Health director not ‘overly alarmed’ about 11 student, staff cases in Chesterfield elementary schools, parents push for more data

Chesterfield County

CHESTERFIELD COUNTY, Va. (WRIC) — Within two days of elementary schools resuming live classes in Chesterfield, nearly a dozen elementary school students and staff have tested positive for COVID-19.

According to Chesterfield County Public School’s online data, six elementary staff members and five elementary students tested positive for the virus on Tuesday and Wednesday — classes began on Tuesday.

Three of the student cases were identified on Wednesday from Grange Hall Elementary School.

Considering COVID-19’s incubation period, it’s unlikely the 11 cases stemmed from the schools themselves. However, as more students plan to return to classrooms, some parents worry incomplete data is preventing them from seeing the whole picture.

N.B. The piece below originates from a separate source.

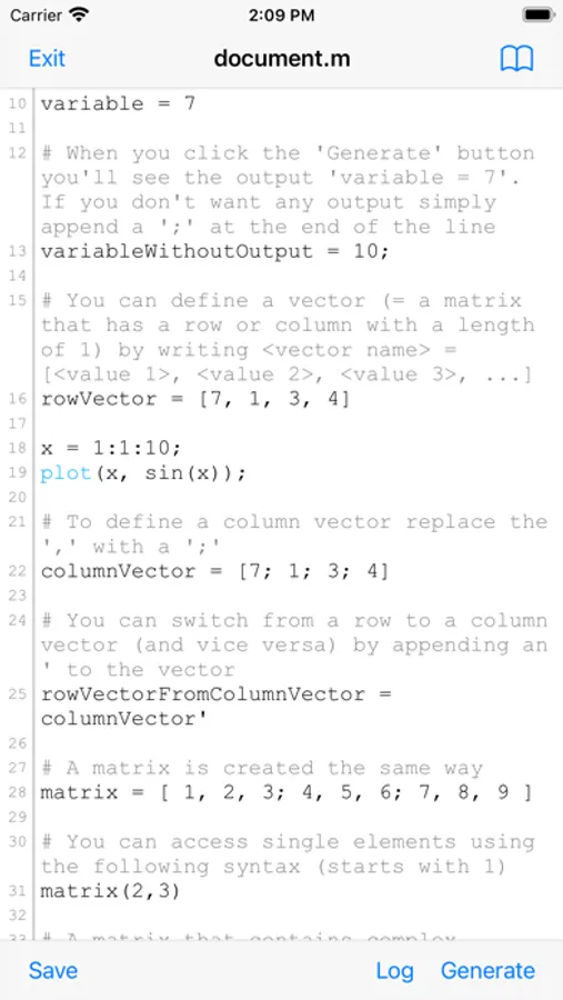Anoc is an Octave Editor (Matlab clone) for your iOS device. It allows you to create and manage Octave projects directly on your iOS device and generate the result and plots by using Verbosus (Online Octave Editor).

“Put the information out there,” said Grace Olsen, the parent to a CCPS third grader who is learning virtually. “We’re gonna see the numbers go up in the next few weeks. You’re gonna see a lot more cases just because there’s a lot more people in the buildings.”

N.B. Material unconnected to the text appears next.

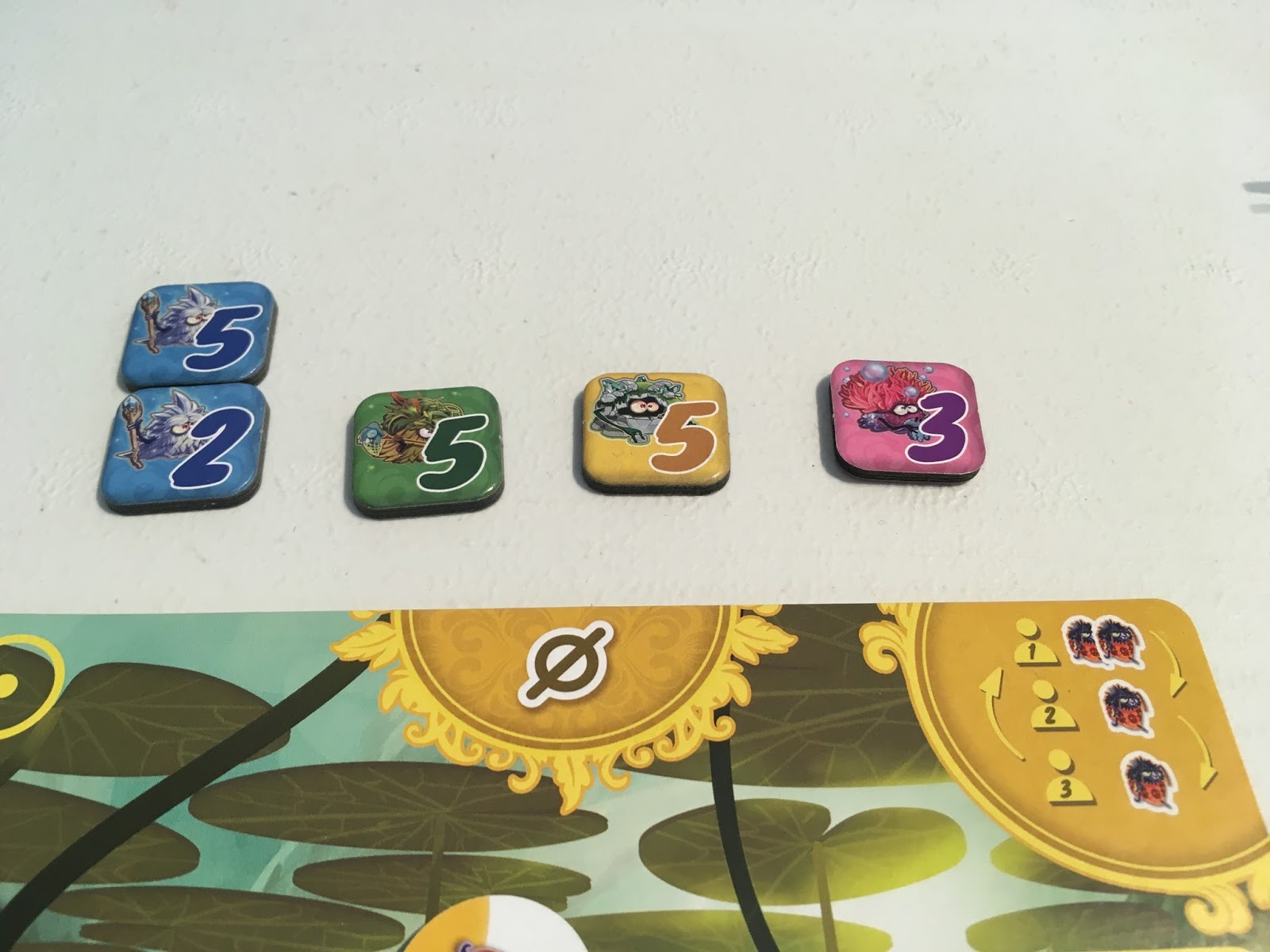 Les Grumpfs « massue » (sans valeur) peuvent être placés sur d’autres Grumpfs (d’autres clans) pour annuler la valeur de celui-ci (qui ne comptera donc plus lors du décompte du plateau).

Data from the district shows that about half of elementary students are learning from home and the other half are returning to classrooms. The students learning in-person will join roughly 1,000 special K-12 education students who returned at the end of September. Students in the career and technical centers also returned Tuesday.

Right now, the CCPS online database just shows the date that the students and staff test positive for COVID-19 and from which school they entered. 8

News asked CCPS if the cases listed online are for virtual and in-person students and staff or just in person students and staff.

“We post virtual staff, because some virtual staff will teach from the building,” said Shawn Smith, a spokesperson with CCPS. “We do not post virtual students unless they have been in the building for extracurricular activities.”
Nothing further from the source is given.